Muito aplaudido pelos empresários, Antonio Carlos Magalhães voltou a descartar a possibilidade de renunciar ao mandato. Penso em ser senador ou governador em 2002, mas não penso em renúncia.
ACM não quis falar sobre as decisões que pretende tomar até o vencimento do prazo de revisão do relatório do senador Saturnino Braga, solicitada pelo senador Paulo Souto. Os próximos passos eu saberei a partir da próxima quarta-feira. A Bahia está comigo, é isso que importa. ACM voltou a dizer que não cometeu nenhum pecado para ser cassado. Às vezes, me pergunto qual tem sido o meu pecado.
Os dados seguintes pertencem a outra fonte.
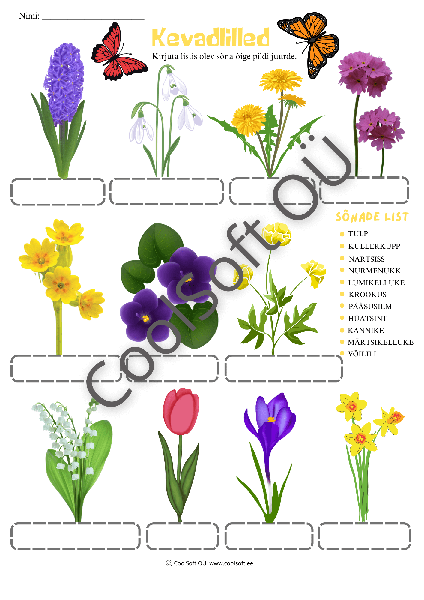 Õpi tundma erinevaid kevadlilli. Kirjuta iga pildi juurde kevadlille nimetus.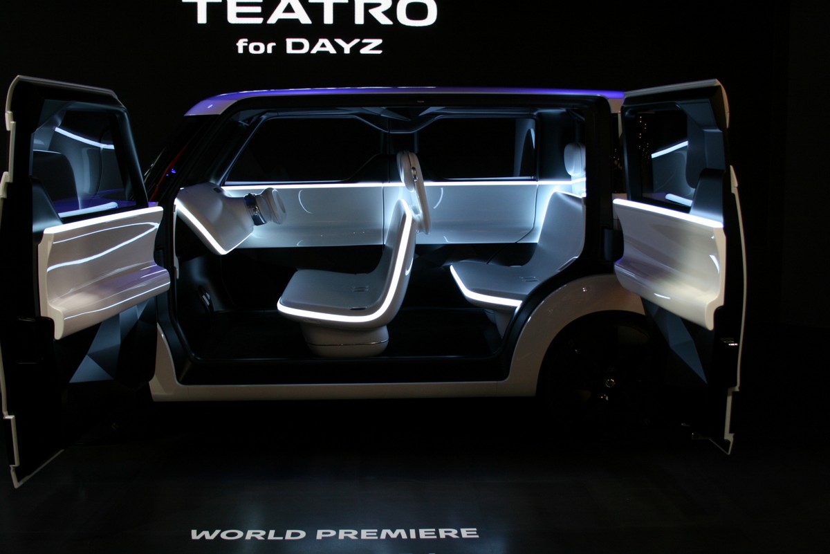 Teatro for Dayz is a combination of mobile technologies unlike any previously imagined in a car. Combined with Nissan's EV technology, this car represents a radical new way of thinking about how vehicles can be used.

Será que estou sendo perseguido por que apontei os corruptos? Será que foi por que lutei para reduzir a pobreza ou para reajustar o salário mínimo?.
O senador baiano disse também que está sendo prejulgado e sofrendo os efeitos de manobras políticas adversas por causa da sua atuação nacional contra a corrupção. Nunca vi coisa igual no Brasil para tirar alguém que sempre defendeu a moralidade pública e administrativa e não se curva a quem quer que seja em defesa dos interesses da Bahia. Somente o povo da Bahia pode tirar o meu mandato, porque ninguém pode tirar o mandato de um homem sério e honesto que sempre lutou pela moralidade no País, afirmou.